PURPOSE: One of us (LMV) has observed that some patients with mild asthma show wheezes in the supine position that disappear while sitting. The hypothesis that this finding is due to increased airway resistance in recumbent position finds support in reports of higher airflow resistance (Raw) in normal subjects and in patients with left ventricular failure when body position is changed to supine position (1,2).

METHODS: Patients that were scheduled to pulmonary function tests with the sole indication of asthma and presented FEV1 => 60% and FEF25-75 <80% of predicted values performed spirometry in sitting and supine positions before bronchodilator testing. Group I included patients with FEF1=>80% and Group II patients with FEV1 60-79% of predicted values. A control group consisted of laboratory staff and medical students with normal spirometry.

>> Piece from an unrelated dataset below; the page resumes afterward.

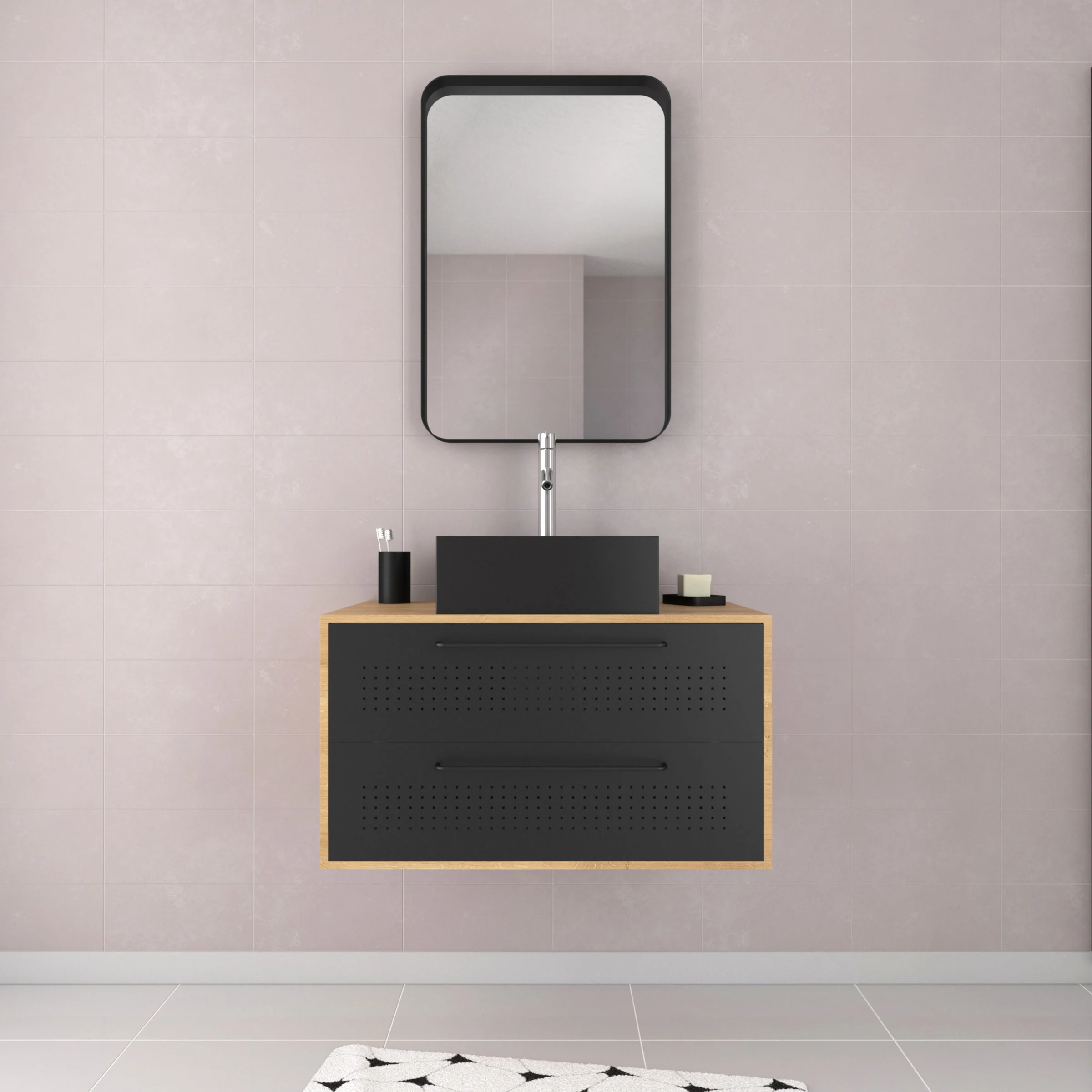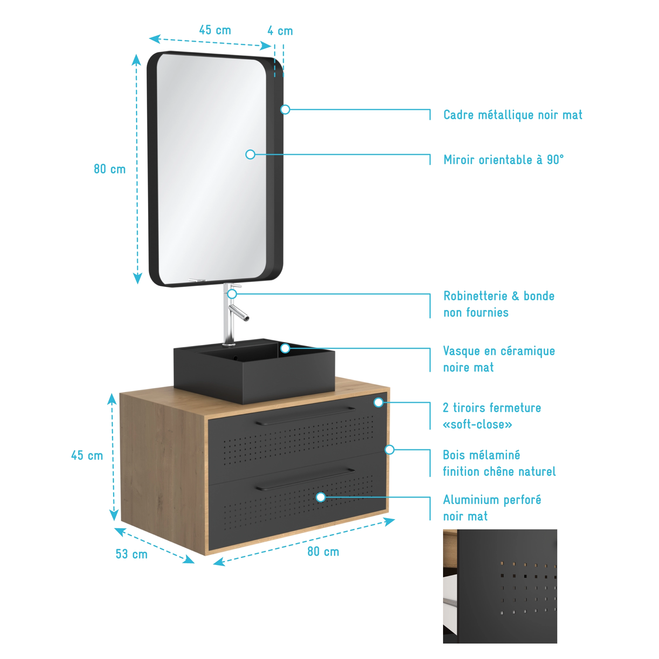2 avis pour Meuble Salle de Bains 80 cm, Vasque Carrée et Miroir – Chêne naturel et Noir Mat – UBY

RESULTS: : Using paired t-test to analyze data obtained, in Control Group (n=21) we observed significantly lower FEF75 in supine position (sitting: 2,14±0,184 (mean±SE); supine: 1,77±0,155; p<0,001). All other flow values were also lower in the supine position, but the difference did not achieve statistical significance. In Group I (n=19), all the spirometric data were significantly lower in supine position: FEV1: 2,52±0,190 × 2,2±0,177 (p<0,001); FVC:3,16±0,229 x2,96±0,219 (p=0,003); peak flow: 384,05±33,61 × 332,33±32,864 (p<0,001); FEV1/FVC: 78,2±1,038 × 74,53±1,336 (p=0,001); FEF25-75: 2,22±0,249 × 1,72±0,172 (p=0,001); FEF50: 2,62±0,238 × 2,14±0,215 (p=0,001) and FEF75: 0,912±0,986 × 0,695±0,0796 (p<0,001). In Group 2 (n=10) only peak flow (267,6±21,04 × 241,2±17,85; p=0,004) and FEF25-75 (0,45±0,086 × 0,426±0,074; p=0,046) did achieve statistical significance, although here a similar pattern was also observed.

CONCLUSION: Although both normal controls and asthma patients revealed a fall in spirometric values from sitting to recumbent position, only in patients with milder airflow obstruction (FEV1=> 80% and FEF25-75<80%) the difference achieved statistical significance for all spirometric data.

CLINICAL IMPLICATIONS: Because it is not clear why asthma patients with milder airflow obstruction increase their airway resistance in supine position further studies are necessary.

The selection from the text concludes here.